I took a quick trip to LA with my best friend Nicole (formerly Nicky, which she’s not using anymore due to the fact that Nicky reminds her of Paris Hilton and the videotape, which reminds her of an unfortunate incident involving a video camera, a rottweiler and Tom Welling so she’s now using Nicole) Getty, and Christian W (W hotel heir), to accompany Nicole for her shooting of a Japanese beer commercial with Christian Bale. Who knew that they shot Japanese commercials in LA.
While Nicole shot her commercial with Batman, Christian & I shopped. We had to stop at Fred Segal. It wouldn’t be a trip to LA without a stop at Fred. Who did we bump into, Shannon Doherty. She was thumbing through the racks; so just for kicks I yelled out “Paris?” to this young blond woman who was also shopping at the time. Shannon turned and looked at us in horror. I then proceeded to tell the blond that I mistakenly took her for my good friend Paris Hilton. Shannon gave us the evil eye and stormed off. I purchased this great new red Gucci mini dress.

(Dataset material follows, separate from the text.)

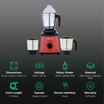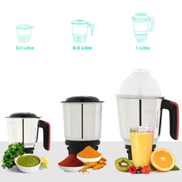 Equipped with three jars of different capacities, including a 1000ml liquid jar, 500ml dry jar, and 100ml chutney jar, this 750W mixer grinder caters to a wide range of culinary needs. From large batches of purees to small quantities of spices, you can achieve optimal results for every recipe.

After a long day of shopping it was time for some dinner. Christian & I met up with Nicole and her on and off boyfriend James Pensfold. We decided to try out Avenue, a fantastic supper club right in Beverly Hills. If your one to pinch pennies while dining out, this restaurant is not for you. I repeat not for you. The seared tuna special was to die for. They also know how to make a fantastic martini!

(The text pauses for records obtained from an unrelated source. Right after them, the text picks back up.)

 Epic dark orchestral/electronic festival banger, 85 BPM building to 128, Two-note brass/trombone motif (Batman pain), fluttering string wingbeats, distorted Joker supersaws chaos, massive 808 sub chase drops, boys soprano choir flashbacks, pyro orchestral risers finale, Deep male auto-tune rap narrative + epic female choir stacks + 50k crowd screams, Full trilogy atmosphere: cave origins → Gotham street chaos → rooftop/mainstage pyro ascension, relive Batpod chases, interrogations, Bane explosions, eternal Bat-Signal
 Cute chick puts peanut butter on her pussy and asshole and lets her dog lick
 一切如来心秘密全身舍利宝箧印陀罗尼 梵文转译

Jerry Bruckheimer was dining at the next table with a trio of inappropriately dressed you females. Maybe he was interviewing them for guest spots as corpses on CSI. Who knows?
Later that evening, it was time for some partying. We had to go try out Roof Bar (it’s on top of the Standard Hotel); luckily there was no private party. Who should we run into, the lovely Tara Reid. It was early in the evening (11ish), so she was still coherent. She was talking up her upcoming guest appearance on Scrubs, and hoping it would parlay a sitcom deal of her own. Tara Reid, sitcom star, I don’t think so. Nicole decided to be cruel and ask her if she still spoke to Carson Daly; the poor thing burst into tears and went straight to the bar and had a shot.

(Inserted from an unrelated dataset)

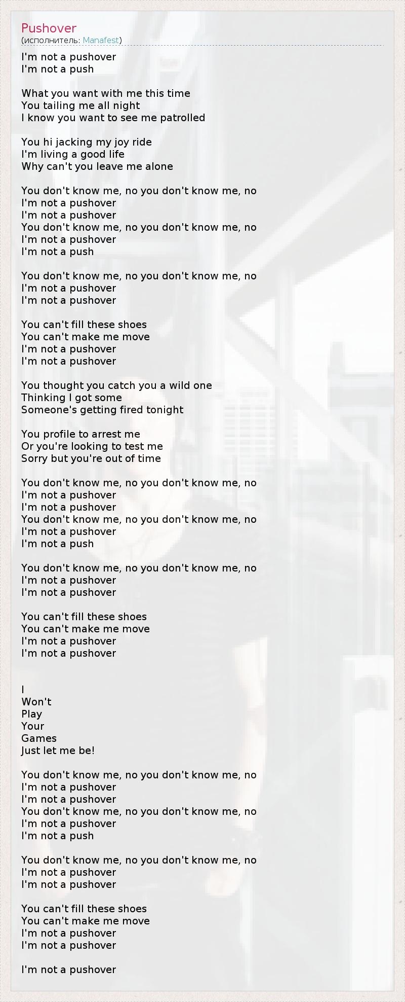 I'm not a pushover I'm not a push What you want with me this time You tailing me all night I know you want to see me patrolled You hi jacking my joy ride I'm living a good life Why can't you leave me alone You don't know me, no you don't know me, no I'm not a pushover I'm not a pushover You don't know me, no you don't know me, no I'm not a pushover I'm not a push You don't know me, no you don't know me, no I'm not a pushover I'm not a pushover You can't fill these shoes You can't make me move I'm not a pushover I'm not a pushover You thought you catch you a wild one Thinking I got some Someone's getting fired tonight You profile to arrest me Or you're looking to test me Sorry but you're out of time You don't know me, no you don't know me, no I'm not a pushover I'm not a pushover You don't know me, no you don't know me, no I'm not a pushover I'm not a push You don't know me, no you don't know me, no I'm not a pushover I'm not a pushover You can't fill these shoes You can't make me move I'm not a pushover I'm not a pushover I Won't Play Your Games Just let me be! You don't know me, no you don't know me, no I'm not a pushover I'm not a pushover You don't know me, no you don't know me, no I'm not a pushover I'm not a push You don't know me, no you don't know me, no I'm not a pushover I'm not a pushover You can't fill these shoes You can't make me move I'm not a pushover I'm not a pushover I'm not a pushover

After traumatizing a C-List celebrity it was time to cap the night off at my favorite nightspot in LA, The Lounge. While nothing happened quite as exciting as the night of the Justin Timberlake-Britney Spears breakup dance-off, it was still an evening to remember. We hung out in the lounge area and chilled and people watched. We had an uber bitchy cocktail server who Christian pissed off by taking a picture of her with his camera phone. Maria Bello was there, with two female catalogue model types, and getting hit on by numerous males. She seemed to be completely oblivious to what was happening.
Valet alert: remove all valuables when valet parking at The Lounge. My pack of Orbit gum, and The Strokes CD were missing when we got the car back at the end of the evening.